Now, despite the tactical sacrifice of the NoTW title, it is clear that further revelations are coming- and that they will not simply involve the NoTW. James Murdoch, of course, will be setting the dogs on the competition- and the other red-tops are being studiously quiet on the scandal. However, even if -say- The Times happens upon some juice at the Express, Mirror or Mail its publication would be seen not as a "fearless expose", but as desperate mud slinging. Murdoch Junior is backing himself into a corner if he thinks that by raising the ante to the competition he can get to safety. The fact is that it is going to be next to impossible to completely isolate the Sun -and perhaps not even The Times and the Sunday Times- from the scandal
Meanwhile the second and third stage of the scandal are about to break. The arrest of Andy Coulson, which is much touted for today, brings the problem into the heart of the Prime Minister's office. The political dimension will only grow as it becomes ever clear just how far Rupert Murdoch's writ has been running in British politics. As a minimum, there is going to be a backlash against those political figures involved- and Cameron can not escape undamaged. It will also become politically impossible to permit the takeover of BSkyB for the foreseeable future- and a less determined man than Rupert Murdoch would make a tactical withdrawal now until the scandal cools. For as long as the bid remains on the table, the issue of News International business ethics will provoke stronger public anger- and in the end may lead to a forced divestiture of either the Newspapers of of BSkyB. Of course if NI now fails the fit an proper test, then it might even be both.

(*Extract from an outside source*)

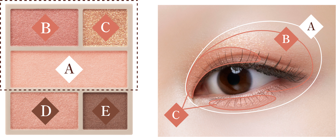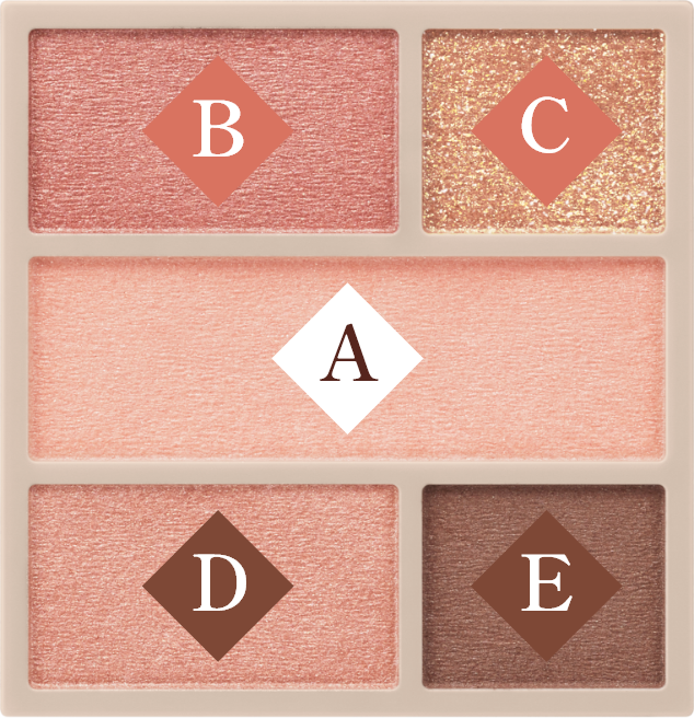 - 1つのパレットで2つの対照的な目もとを叶える、4質感の5色セットアイカラーです。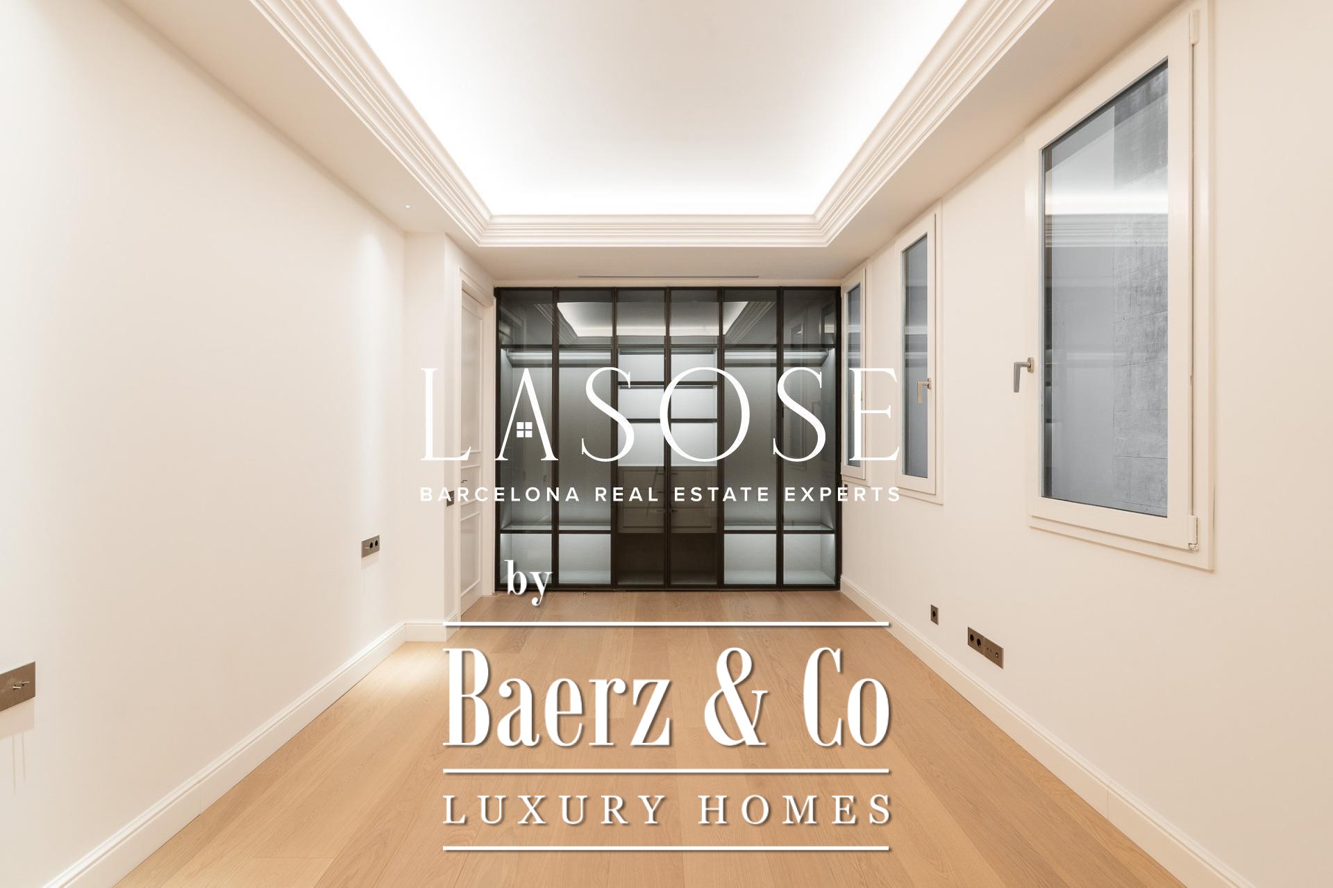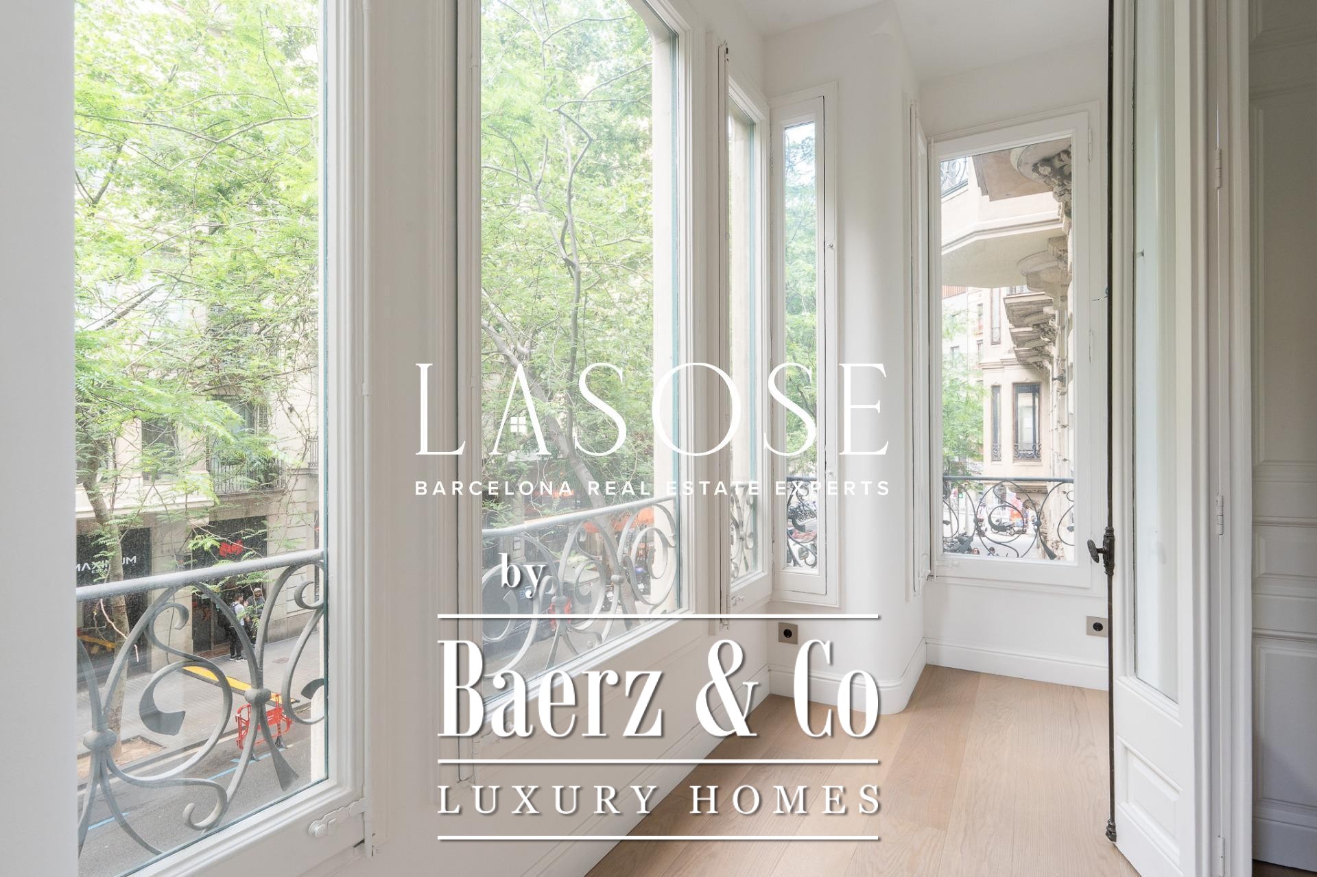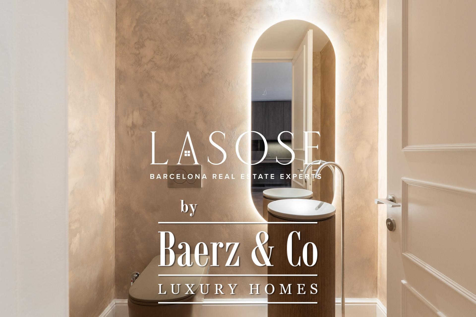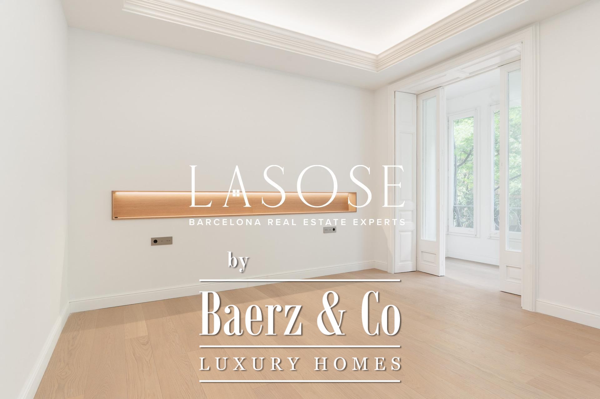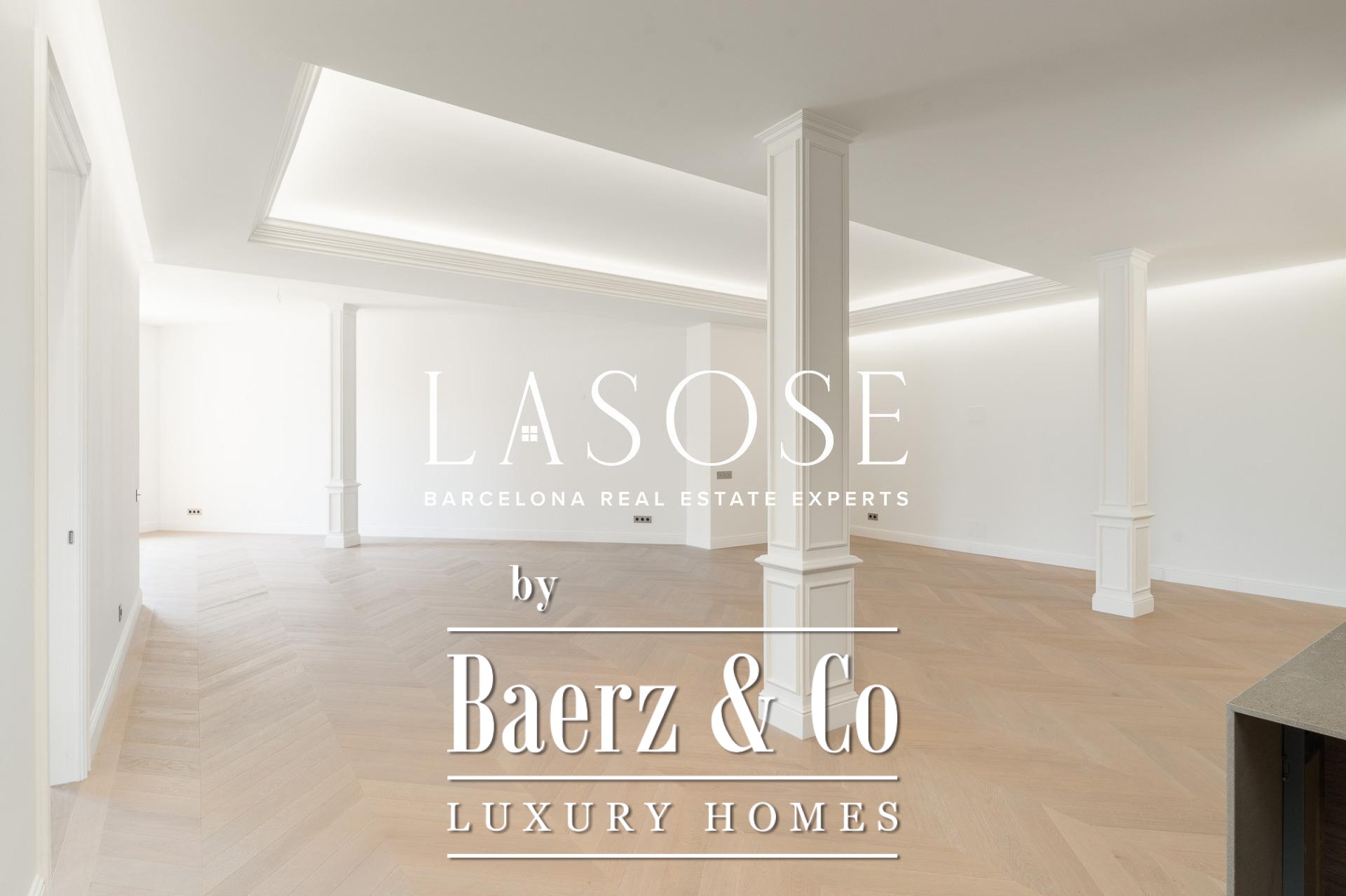 LASOSE presents this magnificent 347 m² property, completely renovated, which combines the charm of a classic estate with the comfort and sophistication of contemporary design. Located in an elegant regal estate dating from 1885, with elevator and in excellent condition, this property offers a unique experience in one of the most vibrant areas of the city.. . Located on the interfloor and with ceilings of 3.2 meters high, the apartment enjoys an exceptional luminosity thanks to its views to two streets and its southeast orientation. From the entrance, it surprises with a spectacular welcome area adorned with modernist details that make the difference.. . The day area consists of a large living-dining room with open kitchen, equipped with a central island space for six diners, ideal for meetings and dinners. This space is complemented by an elegant office, a guest toilet and a practical laundry area with washing machine, dryer and storage cabinets.. . The jewel of the home is its impressive 60 m² master suite, which

For the fact is that the relationship- the corrupt relationship- of NI with the Police is only now coming into focus. The scale of payments to officers, payments which are illegal, is more substantial than has so far been disclosed. The relationship was founded on money inducements, but there is also some evidence that Murdoch employees may have routinely blackmailed both police and political figures. It is also clear that surveillance of different targets went way beyond simple phone hacking. In many cases a full scale surveillance operation was mounted. The size of these operations- with the co-operation of Police figures, let us not forget- would not have disgraced the KGB.
In fact, of course, there is the suggestion that foreign intelligence agencies were also penetrating the Murdoch newsroom. The idea that Russians or Chinese- or even the French or Americans- were listening into George Osborne's hacked phone is one that will give our own MI5 the screaming heeby-geebies.
The sacrifice of NotW does not end the scandal- in fact it reminds us what an astonishing situation is emerging. The tentacles of implication run across British politics, and sooner or later the bombs that they are leaving will explode. Murdoch Junior- I predict- will not survive either.